§ **Goal of the exercise**: From the line containing "All the charm" to the line containing "8402 Bojana chewing" in the entries below, reproduce every line exactly, ends included. Nothing else belongs in the copy, and no pictures.

§ **The input**:
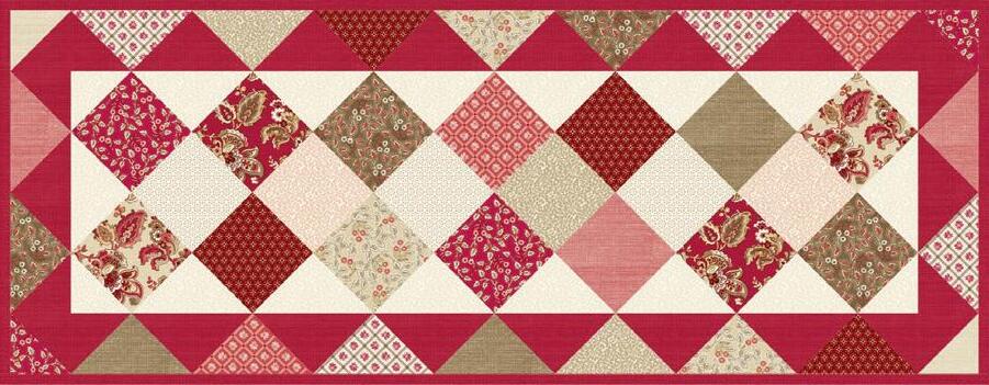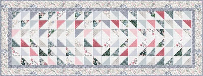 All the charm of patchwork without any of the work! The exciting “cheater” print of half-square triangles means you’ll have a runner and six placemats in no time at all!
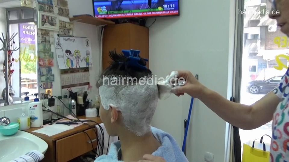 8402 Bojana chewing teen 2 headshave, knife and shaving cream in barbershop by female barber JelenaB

...

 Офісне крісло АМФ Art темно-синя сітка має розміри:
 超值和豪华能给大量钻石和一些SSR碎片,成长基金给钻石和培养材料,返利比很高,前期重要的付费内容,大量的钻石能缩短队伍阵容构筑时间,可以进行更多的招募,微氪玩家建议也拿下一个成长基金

§ **Solution for this exercise**:
 All the charm of patchwork without any of the work! The exciting “cheater” print of half-square triangles means you’ll have a runner and six placemats in no time at all!
 8402 Bojana chewing teen 2 headshave, knife and shaving cream in barbershop by female barber JelenaB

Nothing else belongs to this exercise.